Study: Minneapolis graduation rate 50th out of 50 metro areas

We’re No. 50! Out of 50. Alejandra Matos of the Strib says, “Minneapolis had the lowest graduation rates compared to 50 other major cities, according to a study released by a Washington-based education group.  The city’s graduation rate was below 50 percent, while the national average is approximately 75 percent. The study, conducted by the Center for Reinventing Public Education, grouped graduation rates from charter schools and public school in the 50 cities.”

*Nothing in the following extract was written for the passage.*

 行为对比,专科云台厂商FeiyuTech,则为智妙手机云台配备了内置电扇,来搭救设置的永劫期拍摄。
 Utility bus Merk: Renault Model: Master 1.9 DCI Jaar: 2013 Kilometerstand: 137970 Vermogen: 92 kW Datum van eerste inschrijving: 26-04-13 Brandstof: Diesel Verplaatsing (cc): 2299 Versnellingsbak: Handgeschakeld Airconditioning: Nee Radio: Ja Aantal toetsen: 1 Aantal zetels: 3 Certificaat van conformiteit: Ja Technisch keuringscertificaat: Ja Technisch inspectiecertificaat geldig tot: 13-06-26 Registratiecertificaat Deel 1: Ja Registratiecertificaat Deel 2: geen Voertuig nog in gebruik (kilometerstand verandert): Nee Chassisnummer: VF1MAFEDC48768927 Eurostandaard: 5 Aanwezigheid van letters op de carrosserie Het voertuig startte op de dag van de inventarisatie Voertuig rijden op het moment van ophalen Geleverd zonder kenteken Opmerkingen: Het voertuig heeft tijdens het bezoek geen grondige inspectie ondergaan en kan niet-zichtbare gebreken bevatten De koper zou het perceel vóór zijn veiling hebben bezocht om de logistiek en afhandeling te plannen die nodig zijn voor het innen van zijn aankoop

Doing the people’s work. Also from Matos: “Minneapolis school board members are expected to meet in two weeks to get new information on the racial makeup of schools and district boundaries, some of the most divisive issues facing the district. But school officials want to do this without opening the meeting to the public. E-mails obtained by the Star Tribune show that district officials have gone out of their way to ensure that informational sessions like the one coming up do not trigger the state’s open meeting laws.”

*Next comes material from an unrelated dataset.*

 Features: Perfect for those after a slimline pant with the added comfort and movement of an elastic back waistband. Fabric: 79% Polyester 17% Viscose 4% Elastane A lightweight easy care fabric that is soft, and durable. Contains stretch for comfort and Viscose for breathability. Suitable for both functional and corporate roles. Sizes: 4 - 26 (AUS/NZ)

Thank you. In the PiPress, Nate Sommer writes, “Mobile food shelves got a $1 million boost Wednesday. The nonprofit Hunger Solutions Minnesota pledged $1 million total to 17 Minnesota food shelf groups so they can expand or begin mobile operations. The efforts aim to deliver food to those unable to access traditional food shelves because of age, distance or disability. Using refrigerated vans or buses, mobile operators deliver groceries to residents and communities in need. There are six mobile food shelves in the Twin Cities … .”

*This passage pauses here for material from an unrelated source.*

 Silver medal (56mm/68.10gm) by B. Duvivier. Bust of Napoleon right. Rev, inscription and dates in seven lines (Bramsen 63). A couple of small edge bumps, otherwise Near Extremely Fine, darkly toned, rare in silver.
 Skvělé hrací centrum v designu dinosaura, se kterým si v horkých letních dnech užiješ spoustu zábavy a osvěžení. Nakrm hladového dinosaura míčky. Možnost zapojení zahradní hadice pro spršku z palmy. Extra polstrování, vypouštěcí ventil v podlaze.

Coach was over the line. David La Vaque in the Strib says, “Maple Grove boys hockey coach Tom Starkey submitted his resignation Tuesday after two seasons as the team’s coach. The resignation comes after Starkey was charged with two counts of DWI in connection with a Sept. 5 boating incident on Cross Lake in Crow Wing County. He was driving a boat ‘with several kids on the transom pulling a wakeboarder’ when he was stopped by a deputy on patrol, according to a complaint filed in the case. A blood-alcohol breath test found that he was above the legal limit of 0.08, the complaint said.”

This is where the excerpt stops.